The Palace of Culture
The people of Iași have developed as a garden city since ancient times, the current urban fabric coagulating around the courtyards of mansions and boyar palaces that can be admired today.
It is said that in Iași every stone speaks about the past, each about another past, the urban experience being a kaleidoscopic one – a real collage in which the image of the medieval city overlaps with the baroque, neoclassical, neo-gothic, art nouveau, art deco, modern, brutalist and contemporary.

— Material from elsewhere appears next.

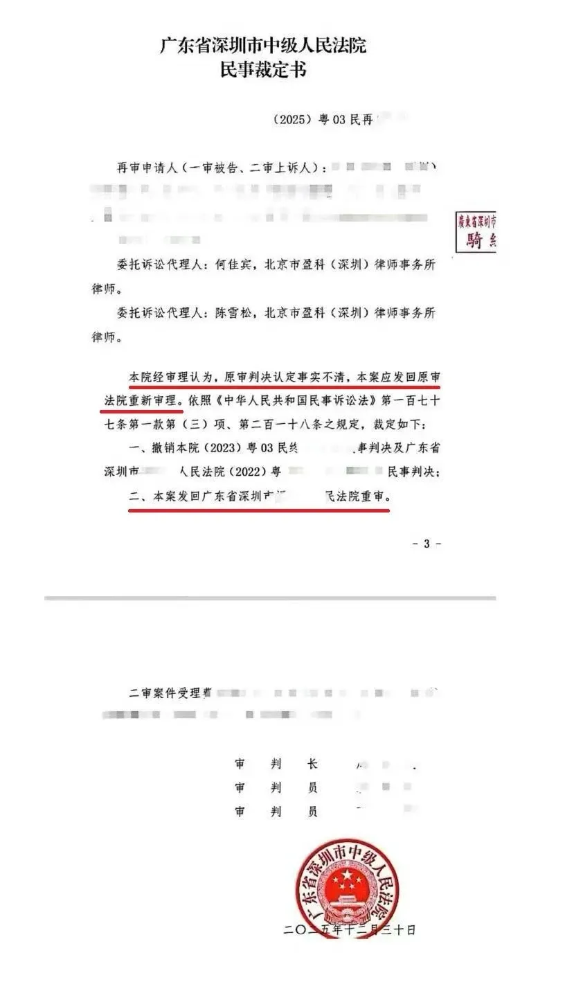 导读:🚨 天价赔偿案反转!律师漏交5元诉讼费,被判赔147万后,案件发回重审!深圳中院的民事裁定书显示:本院经审理认为,原审判决认定事实不清,本案应发回原审法院重新审理。故裁定撤销原判,发回重审。值得注意的是,再审法院和原审法院,都是同一个法院,并非上下级。同级法院之间启动再审,尤为难得,律师们都懂。
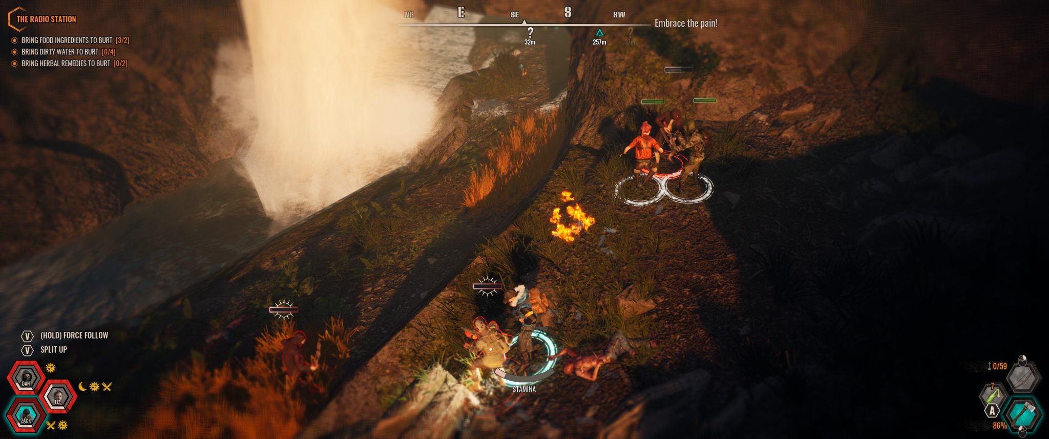 J’ai parlé de rencontres et si celles qui restent amicales permettent de faire avancer l’histoire et les quêtes secondaires, celles menant au conflit permettent de jouer avec le mode tactique qui est… un vrai fiasco. En effet, et malgré ce à quoi on aurait pu s’attendre – mais à ce moment-là plasm@n et faxo m’auraient sauté dessus pour avoir le jeu – Survive the Fall n’est pas au tour par tour mais en temps réel. La seule tactique que l’on choisit c’est de savoir si nos poulets décapités de compagnons vont courir au-devant du danger ou s’ils vont rester en arrière.

The Palace of Culture is by far the most popular tourist destination in Iasi throughout the year, hosting 4 museums within the Moldova Museum Complex. Built on the ruins of the Princely Court from 1434 and of the Princely Palace from 1806, the Palace of Culture receives its appearance today in 1925 according to the plans of the Romanian architect Ion D. Beryndei.
A true symbol of the city, the Palace of Culture is still the place around which revolves the most beautiful stories of Iasi; stories that each of us, from Iași, even for a few hours, has the duty to discover and pass on.
The fortified monasteries
Medieval lithographs portray Iasi as a medieval fortress, although archaeological evidence does not fully support this hypothesis. What we do know for sure is that strategically located around the center and along the main trade routes, the monasteries and fortified churches were real points of defense of the city.

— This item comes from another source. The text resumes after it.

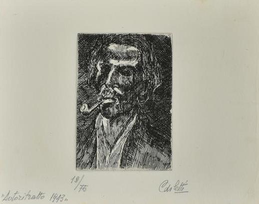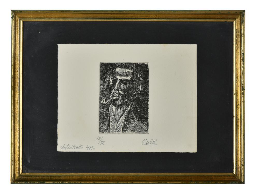 Carletti AUTORITRATTO 1943 incisione su carta, cm 15x19 (lastra cm 10x7) es....
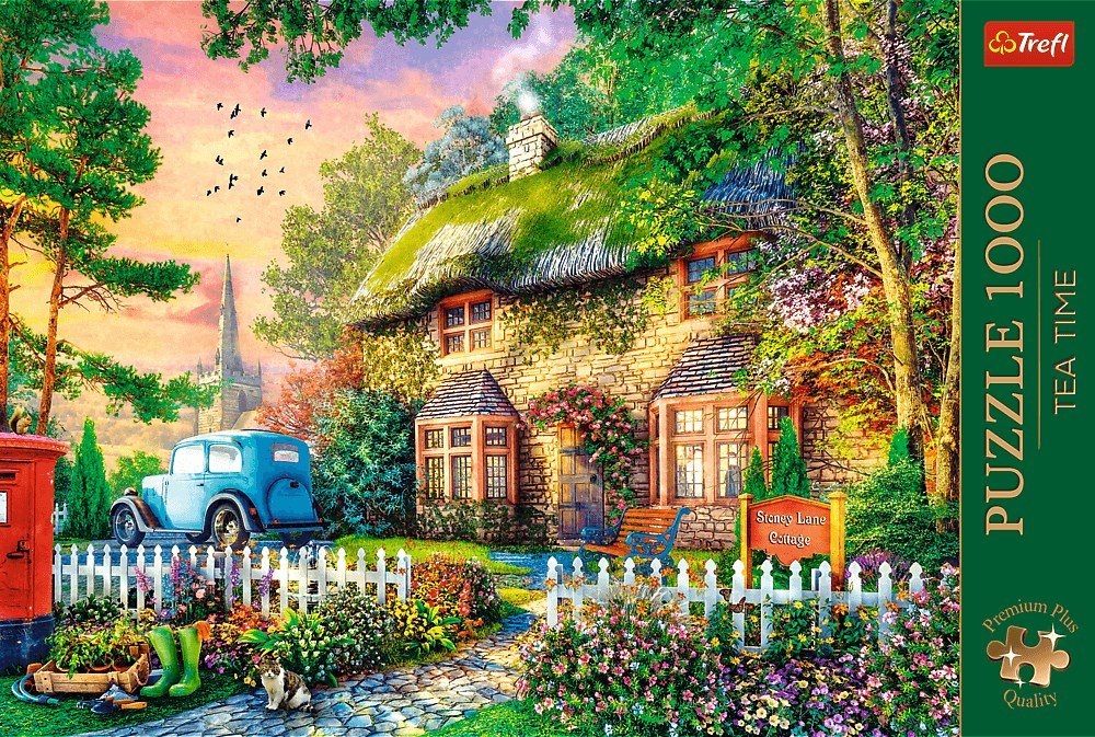 Puzzle Premium Plus Tea Time: Stoney Lane Cottage 1000 kosov, znamka TREFL. Celoten opis

The fortified monasteries in Iași are a unique attraction capable of teleporting us to times that are intertwined with myths and legends. True repositories of the knowledge and teachings of the ancestors, the fortifications are today oases of peace and calm in an increasingly cosmopolitan and hectic city.

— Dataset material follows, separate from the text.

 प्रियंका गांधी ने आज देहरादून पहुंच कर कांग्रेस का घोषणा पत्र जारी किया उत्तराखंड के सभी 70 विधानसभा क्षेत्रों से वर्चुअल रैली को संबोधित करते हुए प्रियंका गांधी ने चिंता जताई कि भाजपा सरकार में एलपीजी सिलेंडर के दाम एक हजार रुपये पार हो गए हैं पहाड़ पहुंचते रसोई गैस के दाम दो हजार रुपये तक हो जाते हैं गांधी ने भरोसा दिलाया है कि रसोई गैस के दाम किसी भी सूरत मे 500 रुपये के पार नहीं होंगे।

In the center there is the Golia Monastery, founded by Vasile Lupu, with an imposing defense tower along the Greek fortifications and the Bărboi Monastery with a bell tower built by Genoese craftsmen. To the south, on the banks of the Nicolina River, we find the Frumoasa fortified monastery, with the “Gate of the Hanged” and the “Palace on the Walls” and on the hills that bear their name are the Galata Monastery and the Citadel, two candles whose light still guards the city.
Brutalist architecture
In Iași, brutalism penetrated as an expression of communist propaganda, but, over time, due to the efforts of Nicolae Porumbescu, it became a particular current that, despite its volumetric drama, has the expression of a human-scale architecture.
Concrete, as the only form of expression, represented the language in which the traditional Romanian crafts were translated. Volumetric decorative elements, glazed facades made by wood sculptors, along with elements made of stamped concrete and volumetrics that interpret a wood architecture are the main forms of expression. The Romanian Academy and the Faculty of Architecture, projects designed by Nicolae Porumbescu, but also other buildings such as the “Mihai Ursachi” House of Culture or the “Ion Creangă” Cultural-Museum Complex bear his imprint.
The Civic Center, the Central Hall, the Tribunal and the Luceafărul Theater are also examples of brutalist architecture whose aesthetics have been domesticated with the help of decorations, plywood and elements of detail that cover the massive and sculptural volumes.